Further, in the rotation direction of the pick 200, the pick 200 is tilted forward; the rear side of at least one cutting pick 200 is provided with a hopper 300, as shown in fig. 16-18, the cutting pick 200 rotates forwards along the rotation direction, and the top end of the cutting pick 200 inclines forwards, so that the knocking force of the cutting pick 200 on the rock stratum 204 is more concentrated, and the cutting efficiency is improved; the cut slag 203 falls onto the hopper 300 at the rear side and is carried out to the ground, thereby being beneficial to ensuring the slotting effect.

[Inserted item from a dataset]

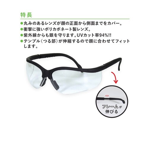 刈払作業・庭木の手入れ等で飛来物から眼を保護します丸みのあるレンズが顔の正面から側面までをカバーします衝撃に強いポリカボネード製レンズ紫外線から眼を守ります。 |

When the pick 200 cuts the formation 204, the angled magazine 300 contacts the formation 204 to form a space. Slag 203 generated by the previous pick 200 cutting the formation 204 falls into the following hopper 300 and is eventually discharged. As shown in fig. 19, the left and right sides of the cutting arm are each a rock layer 204, and during the actual grooving operation, the cutting pick 200 strikes the rock layer 204 and brings slag 203 out through the hopper 300, thereby forming a groove. The picks 200 interact with the formation 204 and slag 203 resulting from the breaking of the formation 204 falls into the subsequent hopper 300. As can be seen, the formation 204 on both sides and one side of the hopper 300 form a "concave" space that is used to hold the slag 203 and eventually drain as the chain 400 runs.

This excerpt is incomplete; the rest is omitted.